There are n trees in a circle. Each tree has a fruit value associated with it. A bird can sit on a tree for 0.5 sec and then he has to move to a neighbouring tree. It takes the bird 0.5 seconds to move from one tree to another. The bird gets the fruit value when she sits on a tree. We are given n number of seconds the bird has and, the fruit values val[m] of the trees. We have to maximise the total fruit value that the bird can gather.

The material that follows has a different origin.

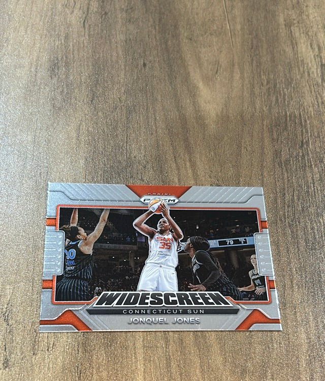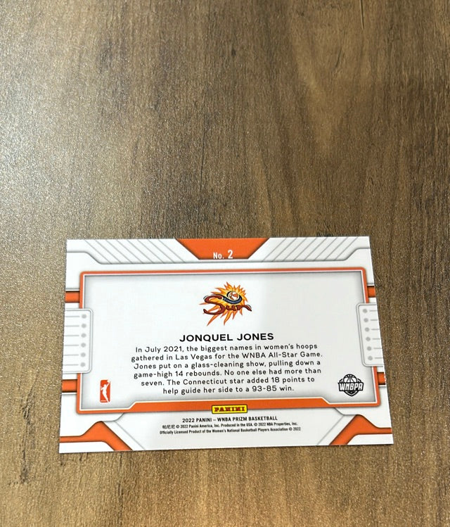 This 2022 Panini Prizm WNBA Widescreen insert card of Jonquel Jones is a premium collectible for Connecticut Sun fans, showcasing the 2021 WNBA MVP!

The bird can start from any tree.


Naive Thinking: 第一眼觉得是DP，但是写了写发现只要找到连续的相加之和最大的树群就行了，每棵树用的时间是固定的。

算法复杂度是O(n)。

 public class Solution{

    public static void main(String args[]){
        int val[] = {1,1,1,1,1,1,1,2,1,1,2,4};
        Solution s = new Solution();
        System.out.println(s.maxFruitValue(4,val));
    }

    public int maxFruitValue(int n, int val[]){
        int sum = 0;
        int max = 0;
        int begin = 0;
        int end = n;
        for(int i = 0;i < end && i < val.length;i++)
            sum += val[i];
        max = sum;
        if(n >= val.length){return max;}
        while(begin < val.length){
            sum -= val[begin++];
            sum += val[end];
            max = Math.max(max,sum);
            end = (end+1)%val.length;
        }
        return max;
    }
}